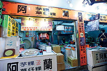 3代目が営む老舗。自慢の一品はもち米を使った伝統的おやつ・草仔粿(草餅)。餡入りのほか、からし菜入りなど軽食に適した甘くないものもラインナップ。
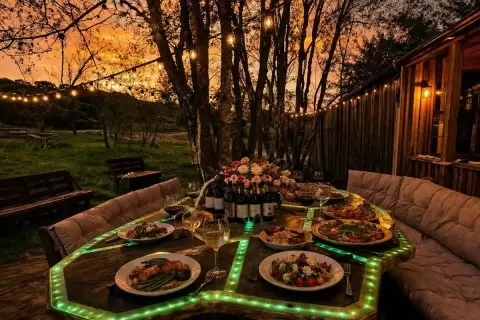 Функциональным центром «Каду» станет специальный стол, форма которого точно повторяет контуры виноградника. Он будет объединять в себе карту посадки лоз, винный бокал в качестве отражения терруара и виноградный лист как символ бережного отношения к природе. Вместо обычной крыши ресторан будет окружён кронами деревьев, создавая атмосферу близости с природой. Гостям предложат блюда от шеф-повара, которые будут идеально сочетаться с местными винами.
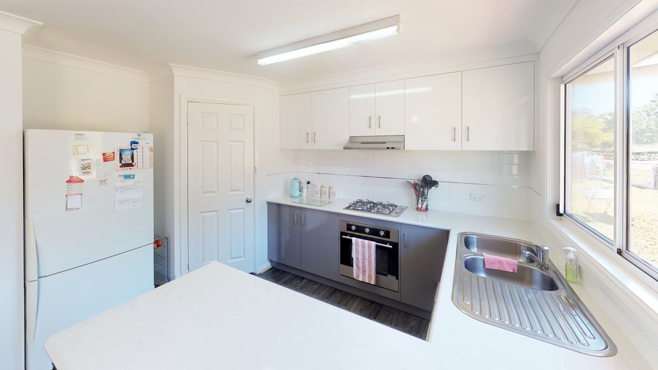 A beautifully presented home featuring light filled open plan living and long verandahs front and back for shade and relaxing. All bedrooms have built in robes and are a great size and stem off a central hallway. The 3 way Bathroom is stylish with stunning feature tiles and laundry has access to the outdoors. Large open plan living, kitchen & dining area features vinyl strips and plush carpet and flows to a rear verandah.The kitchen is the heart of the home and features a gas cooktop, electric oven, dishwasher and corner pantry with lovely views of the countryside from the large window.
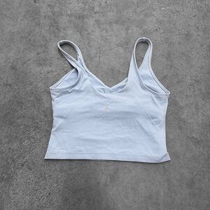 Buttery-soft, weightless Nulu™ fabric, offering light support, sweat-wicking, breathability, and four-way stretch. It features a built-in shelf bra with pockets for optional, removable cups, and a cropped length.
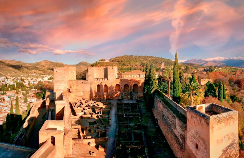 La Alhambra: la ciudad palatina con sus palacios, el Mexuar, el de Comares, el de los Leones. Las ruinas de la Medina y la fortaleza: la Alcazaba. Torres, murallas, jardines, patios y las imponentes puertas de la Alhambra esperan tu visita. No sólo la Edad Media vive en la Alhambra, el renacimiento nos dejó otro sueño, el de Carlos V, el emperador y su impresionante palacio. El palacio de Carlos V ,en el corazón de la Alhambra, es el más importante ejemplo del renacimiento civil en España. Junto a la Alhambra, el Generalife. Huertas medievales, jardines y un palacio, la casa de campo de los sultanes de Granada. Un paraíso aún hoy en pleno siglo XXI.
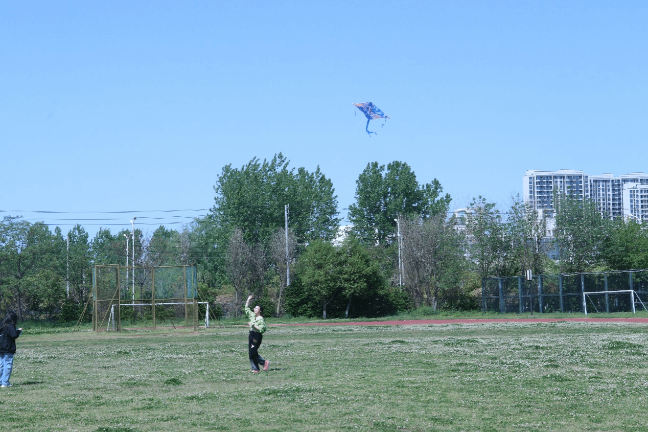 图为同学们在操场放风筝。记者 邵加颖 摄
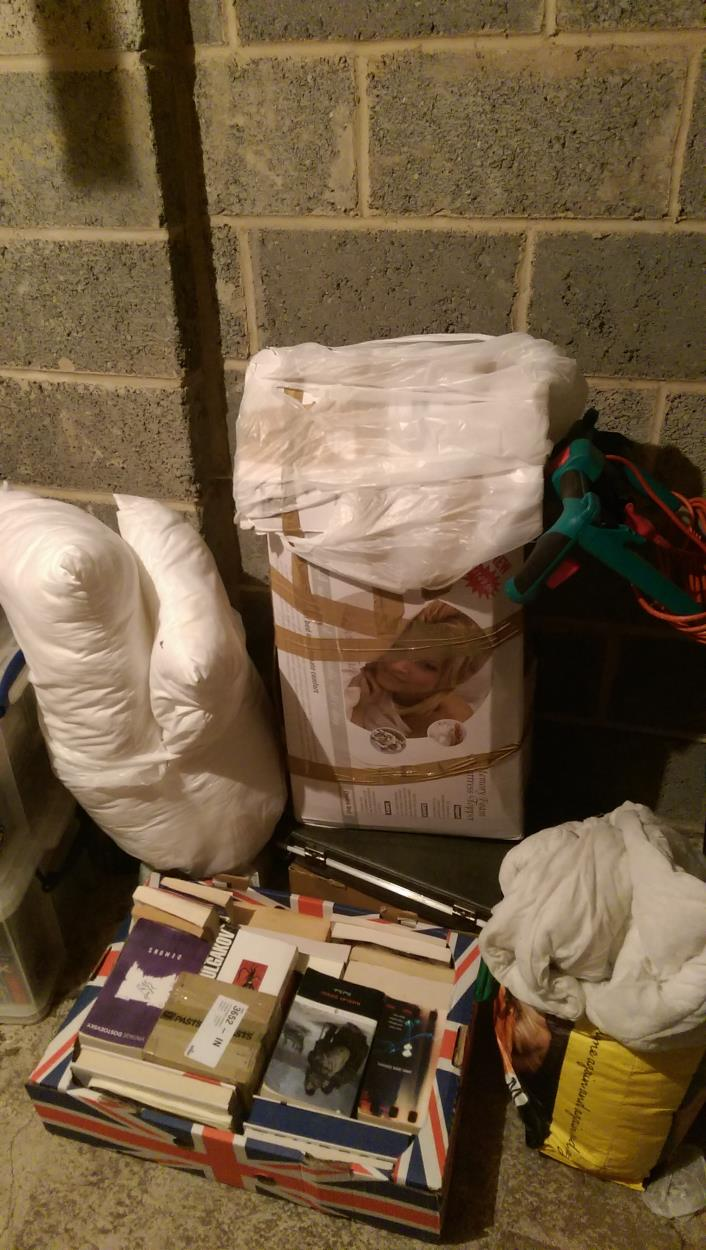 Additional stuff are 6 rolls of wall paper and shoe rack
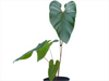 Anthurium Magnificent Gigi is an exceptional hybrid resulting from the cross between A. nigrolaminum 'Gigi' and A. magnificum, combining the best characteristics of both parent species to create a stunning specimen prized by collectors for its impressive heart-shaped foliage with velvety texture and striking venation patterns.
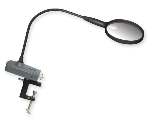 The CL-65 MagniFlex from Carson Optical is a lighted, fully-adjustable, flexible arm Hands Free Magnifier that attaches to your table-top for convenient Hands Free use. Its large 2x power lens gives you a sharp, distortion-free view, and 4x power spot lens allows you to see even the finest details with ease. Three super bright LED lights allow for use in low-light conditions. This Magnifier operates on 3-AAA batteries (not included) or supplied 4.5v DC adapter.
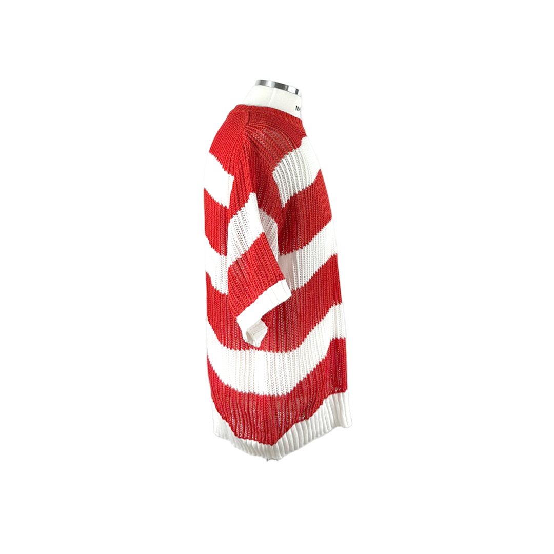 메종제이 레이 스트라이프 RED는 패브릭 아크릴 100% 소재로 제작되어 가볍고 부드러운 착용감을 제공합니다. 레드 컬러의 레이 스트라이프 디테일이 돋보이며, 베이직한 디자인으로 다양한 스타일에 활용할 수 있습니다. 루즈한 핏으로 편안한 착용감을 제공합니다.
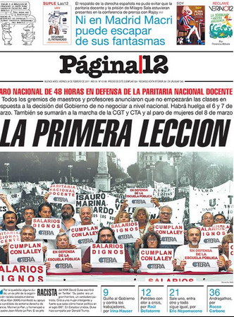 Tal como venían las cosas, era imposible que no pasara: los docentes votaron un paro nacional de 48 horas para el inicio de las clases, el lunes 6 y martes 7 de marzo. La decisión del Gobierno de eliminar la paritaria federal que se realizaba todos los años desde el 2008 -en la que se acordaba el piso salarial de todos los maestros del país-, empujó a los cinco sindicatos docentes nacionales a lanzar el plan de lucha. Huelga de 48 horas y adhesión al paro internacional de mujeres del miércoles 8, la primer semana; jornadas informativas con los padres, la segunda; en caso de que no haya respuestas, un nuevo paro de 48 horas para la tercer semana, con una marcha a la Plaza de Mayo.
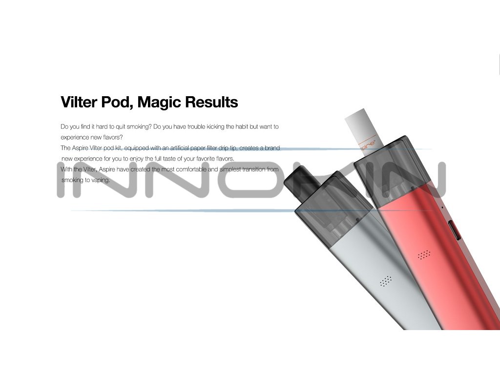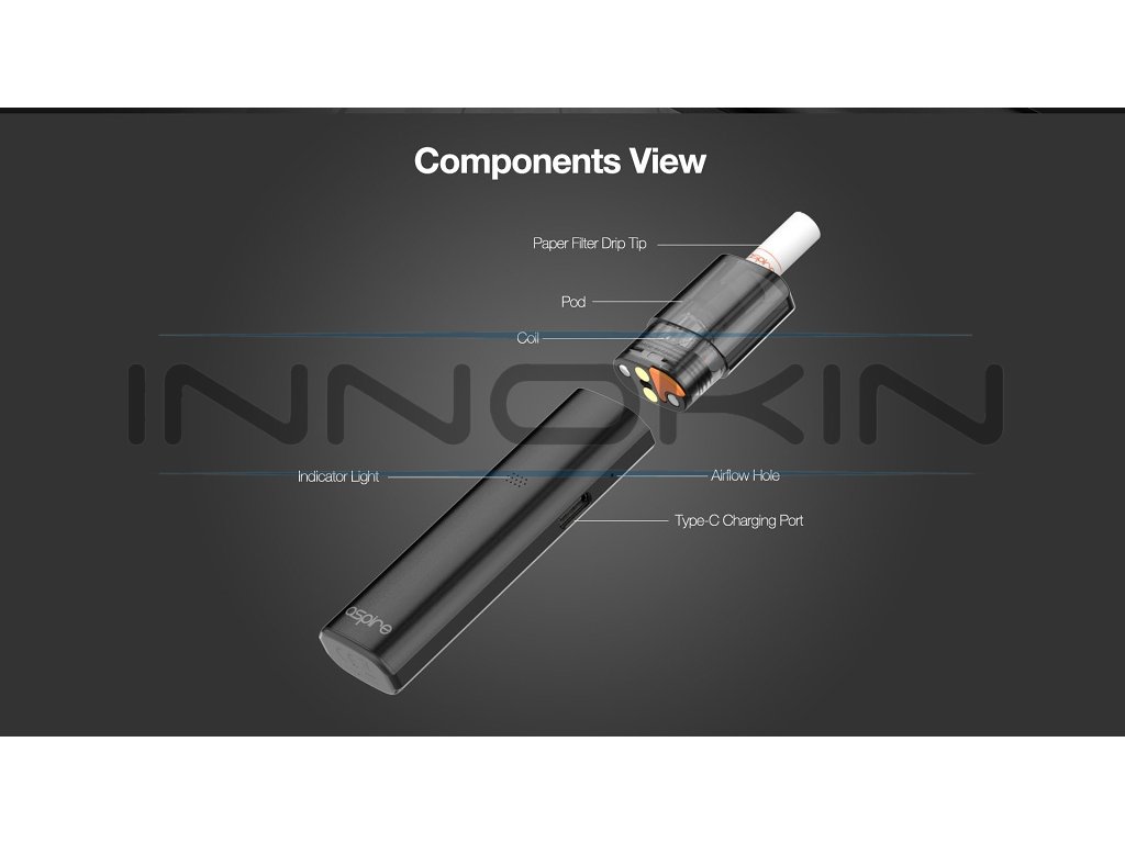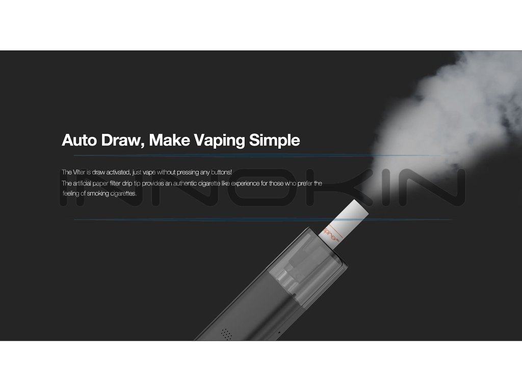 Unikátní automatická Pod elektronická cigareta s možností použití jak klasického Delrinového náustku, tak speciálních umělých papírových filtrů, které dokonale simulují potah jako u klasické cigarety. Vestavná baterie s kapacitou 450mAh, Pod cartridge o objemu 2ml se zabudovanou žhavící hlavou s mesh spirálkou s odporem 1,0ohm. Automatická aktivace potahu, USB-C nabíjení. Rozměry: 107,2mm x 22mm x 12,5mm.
-=-=-=-=-
● **EXERCISE BRIEF**
Copy nothing but the lines above that run from the one with "图为同学们在操场放风筝。记者 邵加颖 摄" to the one with "Additional stuff are", ends included; pictures stay out.

● **RESULT OF THIS TASK**
 图为同学们在操场放风筝。记者 邵加颖 摄
 Additional stuff are 6 rolls of wall paper and shoe rack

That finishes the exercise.